Records for this exercise:
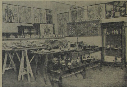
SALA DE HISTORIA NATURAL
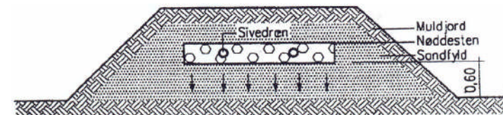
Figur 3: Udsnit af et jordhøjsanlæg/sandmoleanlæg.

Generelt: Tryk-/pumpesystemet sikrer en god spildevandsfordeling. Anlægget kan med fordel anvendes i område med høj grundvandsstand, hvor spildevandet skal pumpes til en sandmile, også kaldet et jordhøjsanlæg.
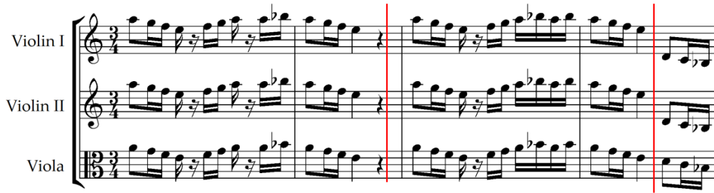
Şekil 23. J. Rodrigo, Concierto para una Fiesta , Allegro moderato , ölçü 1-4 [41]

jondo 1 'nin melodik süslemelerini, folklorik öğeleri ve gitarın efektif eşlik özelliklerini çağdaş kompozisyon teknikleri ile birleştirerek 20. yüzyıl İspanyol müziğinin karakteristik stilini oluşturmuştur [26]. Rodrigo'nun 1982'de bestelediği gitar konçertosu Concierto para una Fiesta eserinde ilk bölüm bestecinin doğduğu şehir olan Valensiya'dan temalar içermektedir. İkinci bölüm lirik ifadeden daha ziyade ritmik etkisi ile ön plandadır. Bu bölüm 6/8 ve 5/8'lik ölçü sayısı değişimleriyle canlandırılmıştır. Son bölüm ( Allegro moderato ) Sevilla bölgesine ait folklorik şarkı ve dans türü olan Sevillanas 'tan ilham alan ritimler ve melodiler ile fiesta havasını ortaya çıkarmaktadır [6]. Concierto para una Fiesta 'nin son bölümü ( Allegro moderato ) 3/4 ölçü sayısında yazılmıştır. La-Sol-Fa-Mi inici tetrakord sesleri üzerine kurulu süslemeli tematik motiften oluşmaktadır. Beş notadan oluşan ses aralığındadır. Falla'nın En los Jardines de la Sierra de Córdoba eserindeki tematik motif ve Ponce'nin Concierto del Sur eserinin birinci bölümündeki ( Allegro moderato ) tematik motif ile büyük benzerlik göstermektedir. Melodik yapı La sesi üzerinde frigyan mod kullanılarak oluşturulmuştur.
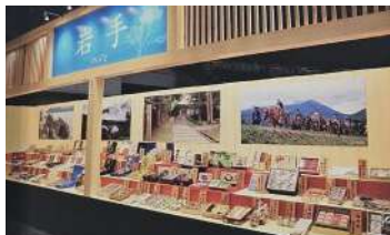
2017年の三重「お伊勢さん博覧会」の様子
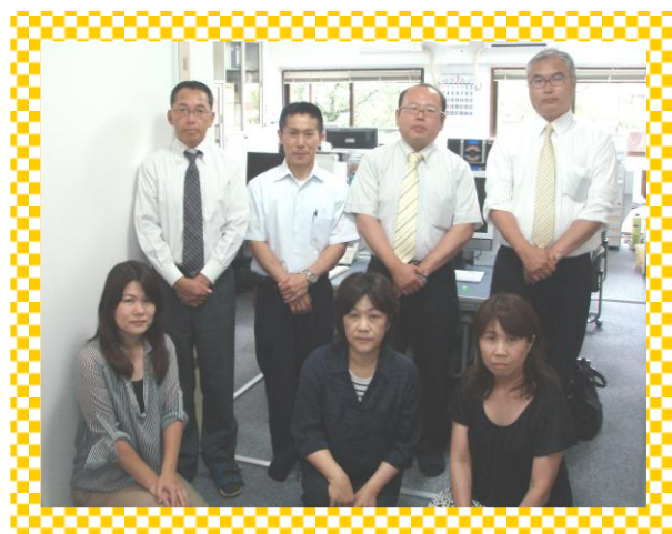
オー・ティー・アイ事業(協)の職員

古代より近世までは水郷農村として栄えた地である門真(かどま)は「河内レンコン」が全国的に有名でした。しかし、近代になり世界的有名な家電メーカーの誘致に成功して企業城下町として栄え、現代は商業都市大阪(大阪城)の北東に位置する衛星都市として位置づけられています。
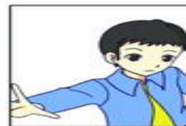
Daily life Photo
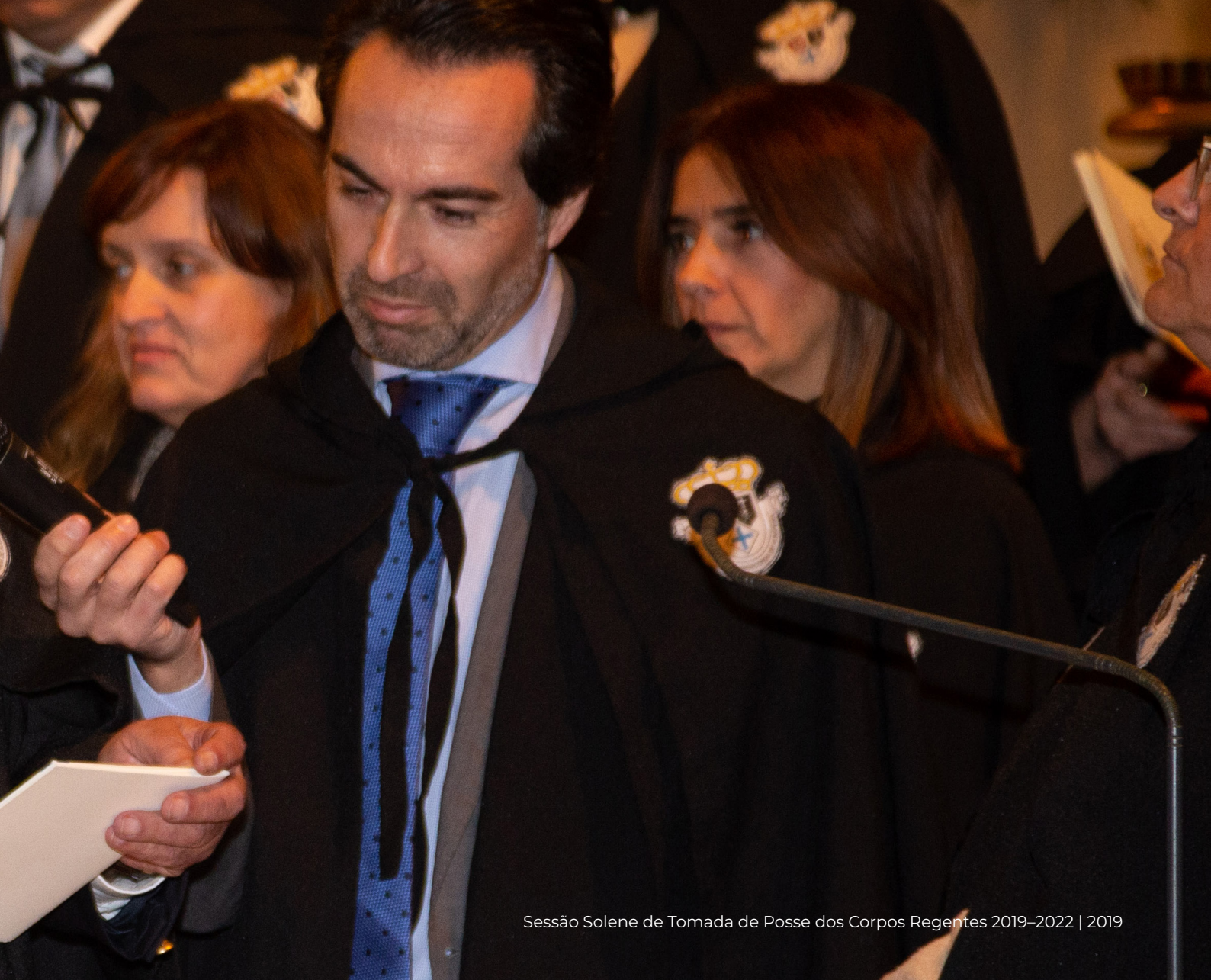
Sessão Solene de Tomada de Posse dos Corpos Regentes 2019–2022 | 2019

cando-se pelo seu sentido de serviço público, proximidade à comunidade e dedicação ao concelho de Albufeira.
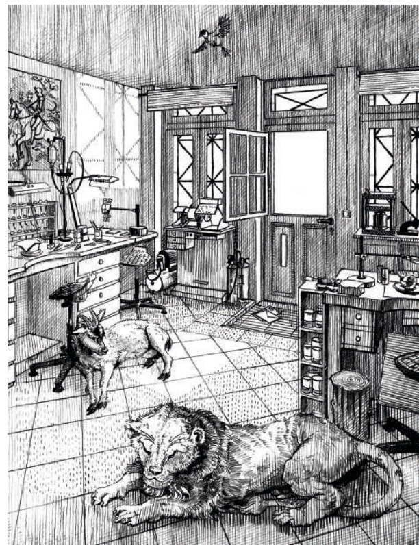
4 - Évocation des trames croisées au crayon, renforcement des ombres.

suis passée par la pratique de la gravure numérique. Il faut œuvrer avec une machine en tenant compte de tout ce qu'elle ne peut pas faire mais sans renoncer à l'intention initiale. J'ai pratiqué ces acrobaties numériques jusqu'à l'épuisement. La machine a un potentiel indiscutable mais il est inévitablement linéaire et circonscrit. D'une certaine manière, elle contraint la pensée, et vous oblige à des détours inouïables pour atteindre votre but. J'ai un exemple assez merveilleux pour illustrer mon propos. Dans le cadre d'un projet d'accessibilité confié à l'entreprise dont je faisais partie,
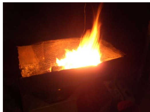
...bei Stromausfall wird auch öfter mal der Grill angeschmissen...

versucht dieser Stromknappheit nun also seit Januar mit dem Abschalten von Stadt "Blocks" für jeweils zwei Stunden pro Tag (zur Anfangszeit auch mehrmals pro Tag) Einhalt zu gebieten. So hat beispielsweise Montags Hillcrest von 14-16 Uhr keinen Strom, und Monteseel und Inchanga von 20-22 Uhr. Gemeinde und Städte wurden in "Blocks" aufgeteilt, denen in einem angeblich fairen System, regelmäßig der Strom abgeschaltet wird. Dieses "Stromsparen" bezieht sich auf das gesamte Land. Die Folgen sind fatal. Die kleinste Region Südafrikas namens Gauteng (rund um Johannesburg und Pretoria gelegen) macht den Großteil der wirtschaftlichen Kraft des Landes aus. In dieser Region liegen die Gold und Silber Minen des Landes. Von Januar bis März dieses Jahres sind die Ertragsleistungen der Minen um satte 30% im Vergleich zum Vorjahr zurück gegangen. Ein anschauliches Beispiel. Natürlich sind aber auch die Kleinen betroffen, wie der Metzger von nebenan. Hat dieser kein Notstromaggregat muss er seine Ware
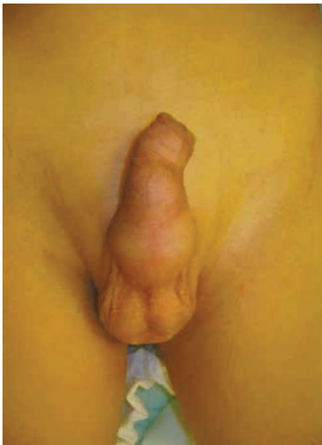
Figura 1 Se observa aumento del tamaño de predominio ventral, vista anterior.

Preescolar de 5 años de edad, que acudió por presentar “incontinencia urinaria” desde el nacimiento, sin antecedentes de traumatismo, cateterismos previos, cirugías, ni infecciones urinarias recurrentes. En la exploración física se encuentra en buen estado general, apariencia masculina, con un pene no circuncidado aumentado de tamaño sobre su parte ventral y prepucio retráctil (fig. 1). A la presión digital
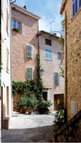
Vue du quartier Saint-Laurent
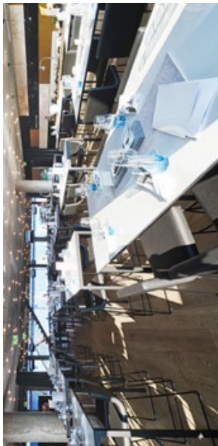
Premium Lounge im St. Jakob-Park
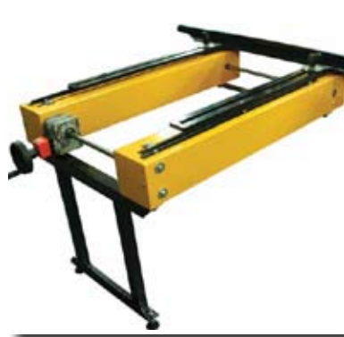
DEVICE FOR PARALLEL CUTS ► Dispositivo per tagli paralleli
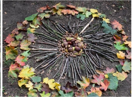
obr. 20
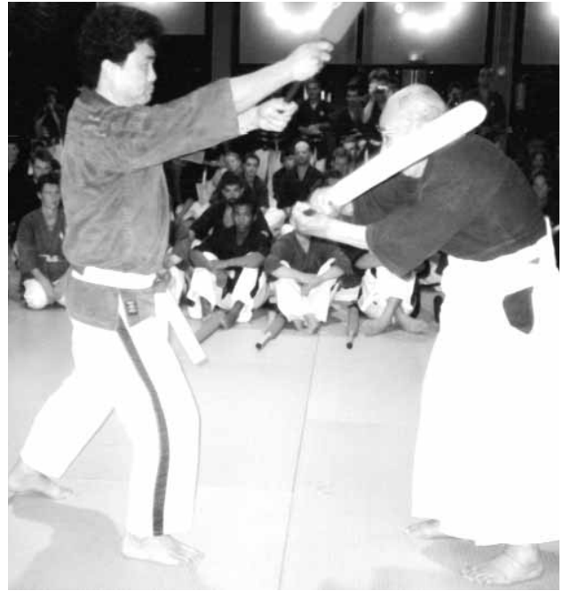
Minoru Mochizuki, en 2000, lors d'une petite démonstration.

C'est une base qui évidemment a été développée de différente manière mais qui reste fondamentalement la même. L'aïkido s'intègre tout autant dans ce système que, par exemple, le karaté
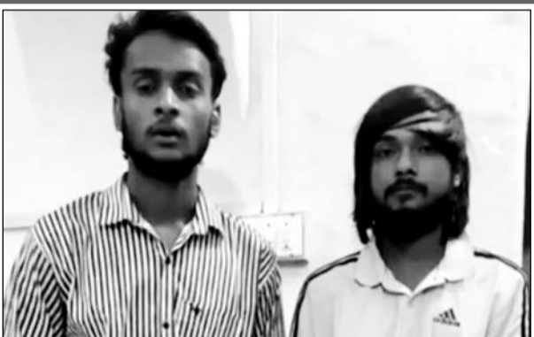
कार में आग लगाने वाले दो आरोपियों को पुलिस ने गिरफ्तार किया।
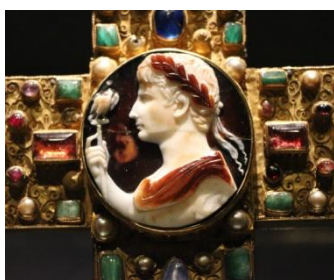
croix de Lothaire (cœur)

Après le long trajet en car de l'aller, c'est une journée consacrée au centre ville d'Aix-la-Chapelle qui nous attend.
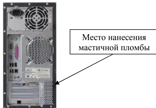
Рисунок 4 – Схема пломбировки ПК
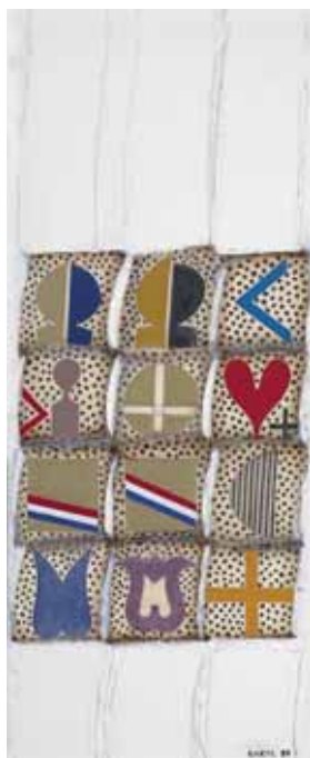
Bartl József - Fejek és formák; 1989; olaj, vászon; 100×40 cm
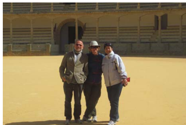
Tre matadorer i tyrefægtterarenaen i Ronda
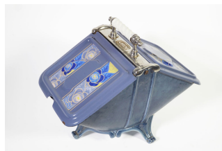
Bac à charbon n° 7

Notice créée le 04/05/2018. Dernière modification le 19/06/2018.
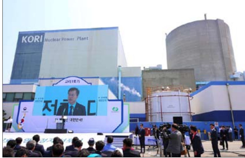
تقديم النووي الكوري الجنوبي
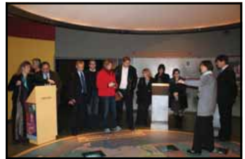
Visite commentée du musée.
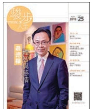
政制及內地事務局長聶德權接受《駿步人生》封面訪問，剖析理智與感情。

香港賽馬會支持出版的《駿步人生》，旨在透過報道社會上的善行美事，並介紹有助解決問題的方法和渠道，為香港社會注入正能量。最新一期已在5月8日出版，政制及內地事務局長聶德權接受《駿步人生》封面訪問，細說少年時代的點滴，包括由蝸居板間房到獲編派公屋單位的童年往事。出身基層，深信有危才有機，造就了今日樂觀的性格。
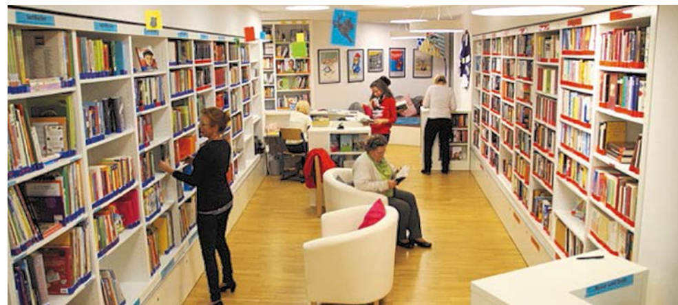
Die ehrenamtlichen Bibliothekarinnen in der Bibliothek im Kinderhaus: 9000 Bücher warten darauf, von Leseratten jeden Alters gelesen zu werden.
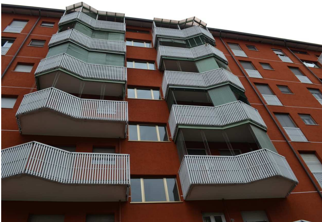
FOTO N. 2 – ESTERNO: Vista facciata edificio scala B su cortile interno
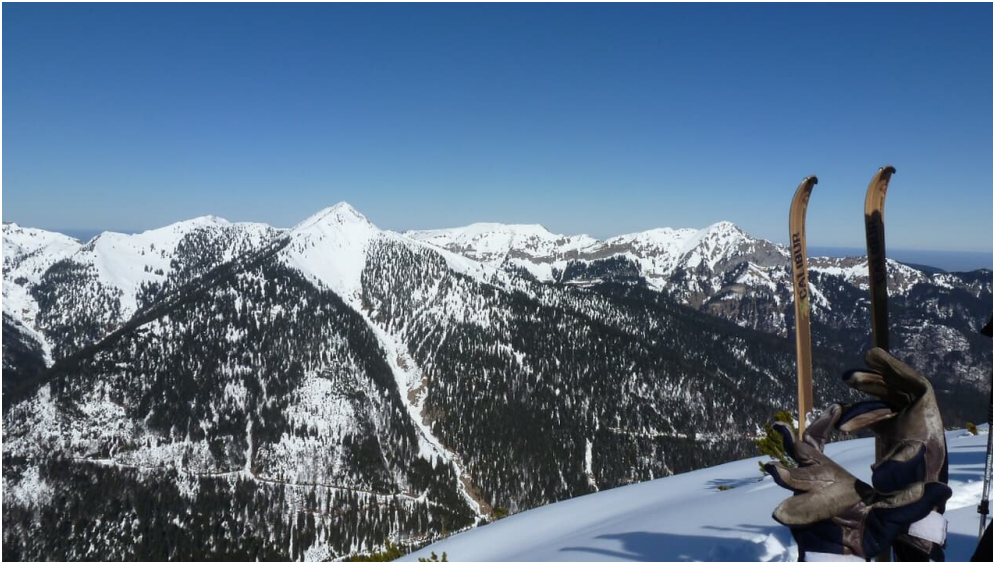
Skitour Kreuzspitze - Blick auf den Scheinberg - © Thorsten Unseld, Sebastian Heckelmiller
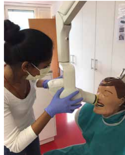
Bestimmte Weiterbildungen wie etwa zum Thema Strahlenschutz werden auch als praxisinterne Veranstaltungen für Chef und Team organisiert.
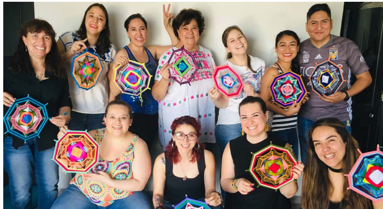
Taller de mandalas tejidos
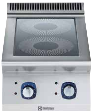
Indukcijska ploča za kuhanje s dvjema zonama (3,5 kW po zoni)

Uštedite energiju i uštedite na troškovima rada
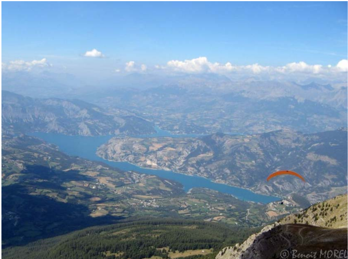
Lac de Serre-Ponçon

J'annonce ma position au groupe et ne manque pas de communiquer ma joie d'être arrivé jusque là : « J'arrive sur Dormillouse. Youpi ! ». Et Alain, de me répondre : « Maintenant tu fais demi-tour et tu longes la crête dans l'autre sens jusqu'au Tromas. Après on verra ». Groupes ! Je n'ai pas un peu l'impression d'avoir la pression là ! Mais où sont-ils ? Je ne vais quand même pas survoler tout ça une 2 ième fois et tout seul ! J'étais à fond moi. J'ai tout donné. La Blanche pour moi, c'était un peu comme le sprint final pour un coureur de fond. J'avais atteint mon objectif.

The task: Every record, word for word, should be given back without its pictures.

Problem solution:
SALA DE HISTORIA NATURAL
Figur 3: Udsnit af et jordhøjsanlæg/sandmoleanlæg.

Generelt: Tryk-/pumpesystemet sikrer en god spildevandsfordeling. Anlægget kan med fordel anvendes i område med høj grundvandsstand, hvor spildevandet skal pumpes til en sandmile, også kaldet et jordhøjsanlæg.
Şekil 23. J. Rodrigo, Concierto para una Fiesta , Allegro moderato , ölçü 1-4 [41]

jondo 1 'nin melodik süslemelerini, folklorik öğeleri ve gitarın efektif eşlik özelliklerini çağdaş kompozisyon teknikleri ile birleştirerek 20. yüzyıl İspanyol müziğinin karakteristik stilini oluşturmuştur [26]. Rodrigo'nun 1982'de bestelediği gitar konçertosu Concierto para una Fiesta eserinde ilk bölüm bestecinin doğduğu şehir olan Valensiya'dan temalar içermektedir. İkinci bölüm lirik ifadeden daha ziyade ritmik etkisi ile ön plandadır. Bu bölüm 6/8 ve 5/8'lik ölçü sayısı değişimleriyle canlandırılmıştır. Son bölüm ( Allegro moderato ) Sevilla bölgesine ait folklorik şarkı ve dans türü olan Sevillanas 'tan ilham alan ritimler ve melodiler ile fiesta havasını ortaya çıkarmaktadır [6]. Concierto para una Fiesta 'nin son bölümü ( Allegro moderato ) 3/4 ölçü sayısında yazılmıştır. La-Sol-Fa-Mi inici tetrakord sesleri üzerine kurulu süslemeli tematik motiften oluşmaktadır. Beş notadan oluşan ses aralığındadır. Falla'nın En los Jardines de la Sierra de Córdoba eserindeki tematik motif ve Ponce'nin Concierto del Sur eserinin birinci bölümündeki ( Allegro moderato ) tematik motif ile büyük benzerlik göstermektedir. Melodik yapı La sesi üzerinde frigyan mod kullanılarak oluşturulmuştur.
2017年の三重「お伊勢さん博覧会」の様子
オー・ティー・アイ事業(協)の職員

古代より近世までは水郷農村として栄えた地である門真(かどま)は「河内レンコン」が全国的に有名でした。しかし、近代になり世界的有名な家電メーカーの誘致に成功して企業城下町として栄え、現代は商業都市大阪(大阪城)の北東に位置する衛星都市として位置づけられています。
Daily life Photo
Sessão Solene de Tomada de Posse dos Corpos Regentes 2019–2022 | 2019

cando-se pelo seu sentido de serviço público, proximidade à comunidade e dedicação ao concelho de Albufeira.
4 - Évocation des trames croisées au crayon, renforcement des ombres.

suis passée par la pratique de la gravure numérique. Il faut œuvrer avec une machine en tenant compte de tout ce qu'elle ne peut pas faire mais sans renoncer à l'intention initiale. J'ai pratiqué ces acrobaties numériques jusqu'à l'épuisement. La machine a un potentiel indiscutable mais il est inévitablement linéaire et circonscrit. D'une certaine manière, elle contraint la pensée, et vous oblige à des détours inouïables pour atteindre votre but. J'ai un exemple assez merveilleux pour illustrer mon propos. Dans le cadre d'un projet d'accessibilité confié à l'entreprise dont je faisais partie,
...bei Stromausfall wird auch öfter mal der Grill angeschmissen...

versucht dieser Stromknappheit nun also seit Januar mit dem Abschalten von Stadt "Blocks" für jeweils zwei Stunden pro Tag (zur Anfangszeit auch mehrmals pro Tag) Einhalt zu gebieten. So hat beispielsweise Montags Hillcrest von 14-16 Uhr keinen Strom, und Monteseel und Inchanga von 20-22 Uhr. Gemeinde und Städte wurden in "Blocks" aufgeteilt, denen in einem angeblich fairen System, regelmäßig der Strom abgeschaltet wird. Dieses "Stromsparen" bezieht sich auf das gesamte Land. Die Folgen sind fatal. Die kleinste Region Südafrikas namens Gauteng (rund um Johannesburg und Pretoria gelegen) macht den Großteil der wirtschaftlichen Kraft des Landes aus. In dieser Region liegen die Gold und Silber Minen des Landes. Von Januar bis März dieses Jahres sind die Ertragsleistungen der Minen um satte 30% im Vergleich zum Vorjahr zurück gegangen. Ein anschauliches Beispiel. Natürlich sind aber auch die Kleinen betroffen, wie der Metzger von nebenan. Hat dieser kein Notstromaggregat muss er seine Ware
Figura 1 Se observa aumento del tamaño de predominio ventral, vista anterior.

Preescolar de 5 años de edad, que acudió por presentar “incontinencia urinaria” desde el nacimiento, sin antecedentes de traumatismo, cateterismos previos, cirugías, ni infecciones urinarias recurrentes. En la exploración física se encuentra en buen estado general, apariencia masculina, con un pene no circuncidado aumentado de tamaño sobre su parte ventral y prepucio retráctil (fig. 1). A la presión digital
Vue du quartier Saint-Laurent
Premium Lounge im St. Jakob-Park
DEVICE FOR PARALLEL CUTS ► Dispositivo per tagli paralleli
obr. 20
Minoru Mochizuki, en 2000, lors d'une petite démonstration.

C'est une base qui évidemment a été développée de différente manière mais qui reste fondamentalement la même. L'aïkido s'intègre tout autant dans ce système que, par exemple, le karaté
कार में आग लगाने वाले दो आरोपियों को पुलिस ने गिरफ्तार किया।
croix de Lothaire (cœur)

Après le long trajet en car de l'aller, c'est une journée consacrée au centre ville d'Aix-la-Chapelle qui nous attend.
Рисунок 4 – Схема пломбировки ПК
Bartl József - Fejek és formák; 1989; olaj, vászon; 100×40 cm
Tre matadorer i tyrefægtterarenaen i Ronda
Bac à charbon n° 7

Notice créée le 04/05/2018. Dernière modification le 19/06/2018.
تقديم النووي الكوري الجنوبي
Visite commentée du musée.
政制及內地事務局長聶德權接受《駿步人生》封面訪問，剖析理智與感情。

香港賽馬會支持出版的《駿步人生》，旨在透過報道社會上的善行美事，並介紹有助解決問題的方法和渠道，為香港社會注入正能量。最新一期已在5月8日出版，政制及內地事務局長聶德權接受《駿步人生》封面訪問，細說少年時代的點滴，包括由蝸居板間房到獲編派公屋單位的童年往事。出身基層，深信有危才有機，造就了今日樂觀的性格。
Die ehrenamtlichen Bibliothekarinnen in der Bibliothek im Kinderhaus: 9000 Bücher warten darauf, von Leseratten jeden Alters gelesen zu werden.
FOTO N. 2 – ESTERNO: Vista facciata edificio scala B su cortile interno
Skitour Kreuzspitze - Blick auf den Scheinberg - © Thorsten Unseld, Sebastian Heckelmiller
Bestimmte Weiterbildungen wie etwa zum Thema Strahlenschutz werden auch als praxisinterne Veranstaltungen für Chef und Team organisiert.
Taller de mandalas tejidos
Indukcijska ploča za kuhanje s dvjema zonama (3,5 kW po zoni)

Uštedite energiju i uštedite na troškovima rada
Lac de Serre-Ponçon

J'annonce ma position au groupe et ne manque pas de communiquer ma joie d'être arrivé jusque là : « J'arrive sur Dormillouse. Youpi ! ». Et Alain, de me répondre : « Maintenant tu fais demi-tour et tu longes la crête dans l'autre sens jusqu'au Tromas. Après on verra ». Groupes ! Je n'ai pas un peu l'impression d'avoir la pression là ! Mais où sont-ils ? Je ne vais quand même pas survoler tout ça une 2 ième fois et tout seul ! J'étais à fond moi. J'ai tout donné. La Blanche pour moi, c'était un peu comme le sprint final pour un coureur de fond. J'avais atteint mon objectif.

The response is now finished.